Translate

Friday, January 9, 2015

Stone Retablos: Altar de Los Reyes, Puebla cathedral.

In this blog we often report on the variety of colonial altarpieces in churches across Mexico.  For the most part these were fabricated from carved, painted and gilded wood—customarily rot resistant cedar.
   However a handful of retablos were built from some form of masonry—usually stone and/or stucco. Sometimes this was in response to the availability of local materials but the main mover was various royal edicts in the late 1700s requiring the use of stone in retablo construction in Spain and the Americas. 
   Purportedly intended to reduce the risk of fire in wooden structures by substituting a more durable medium, a prime motivation of these decrees was to encourage the use of more "noble" materials like marble and, not incidentally, hasten the adoption of neoclassical canons in altarpiece design.
   In our page on San José Chiapa, we described one of the most spectacular of these monuments. Going forward we look at the few other extant Mexican examples, notably those in the cathedrals of Puebla (El Altar de Los Reyes) and Chihuahua.
   Others are found in the Santuario de Guadalupe in Aguascalientes, the church of El Carmen in San Luis Potosí, San Pablo El Viejo in Mexico City and Huentitán near Guadalajara, as well as across the border in New Mexico.
   We continue with one of the earliest examples, that of the Altar de Los Reyes in Puebla cathedral.
image © Javier Bracamonte
El Altar de Los Reyes  
Like the retablo at San José Chiapa, this imposing altarpiece has a connection to the controversial Bishop Juan de Palafox y Mendoza, who commissioned the work. The retablo gets its name from the royal chapel or Capilla de Los Reyes in which it is located. *1 
   As viewed today, the altarpiece  is the work of many hands over many years. Although the noted Sevillian sculptor Juan Martínez Montañes has been credited with the overall scheme of the retablo, it is now thought that the design of the altarpiece as well as all the paintings, including the principal panel of the Immaculate Conception, are attributable to the Spanish painter Pedro García Ferrer, a protégé of Bishop Palafox.
   The statues of royal saints in the lateral niches, some well known and others more obscure, were the work of the sculptor and retablista Lucas Méndez *2
   Although the altarpiece was later much altered,*3 with added wooden components, its essential form is intact, notably in retaining the original spiral columns and fluted pilasters which, like those at San José Chiapa, were carved from tecali, a Mexican marble or alabaster quarried locally in the state of Puebla.
   Not only is this the earliest known retablo using carved stone, but it is also one of the first documented use of the spiral "Solomonic" column to appear in a Mexican altarpiece. 
detail of columns, with Nativity scenes (Tacho Juarez Herrera)
1* In this case the title does not refer to the customary Three Kings, although they do appear in a smaller painting below the main panel of the Virgin of the Immaculate Conception. Its companion piece is a depiction of the Nativity which reputedly includes a portrait of Bishop Palafox as one of the shepherds!

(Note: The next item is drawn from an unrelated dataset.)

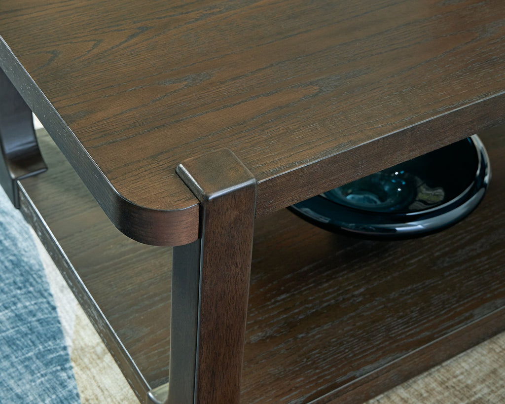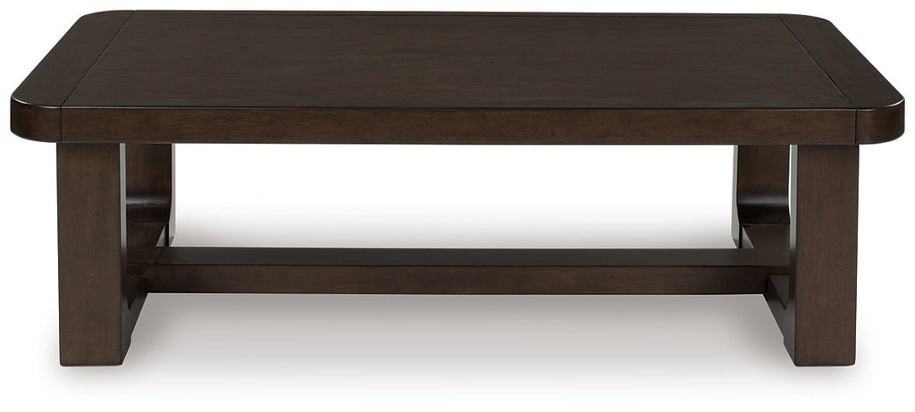 If casual contemporary style is your thing, then you'll love this coffee table. Its thick solid wood edge, softly rounded corners and dark wood-tone finish lend a soothing sensibility. Sleek and stylish, this piece is a fresh take on cool for the modern home.

2* The royal saints include San Luis Rey and Isabel of Hungary on the lower tier, and in the main section, San Fernando Rey and Edward the Confessor on the left with the Empress St Helen and Queen Margarite of Scotland opposite.

3The original plan for the retablo is known from a contemporary engraving by the Flemish artist Juan de Noort. which includes the escutcheons of the royal arms of Spain placed atop the retablo, the focus of a lawsuit and attempted seizure by agents of the viceroy—another controversy in which Bishop Palafox was embroiled.
Main Altarpiece of the Capilla de los Reyes, Cathedral of Puebla de los Ángeles (engraving by Juan de Noort)  in Juan Alonso Calderón,  Memorial historico, iuridico, politico, de la Sta. Iglesia Catedral de la Puebla de los Angeles en la Nueva España,  Puebla, 1650.
It is worth noting that the painted cupola above the altarpiece, depicting the Triumph of the Eucharist, was painted in 1689 by the celebrated 17th century baroque artist Cristóbal de Villalpando.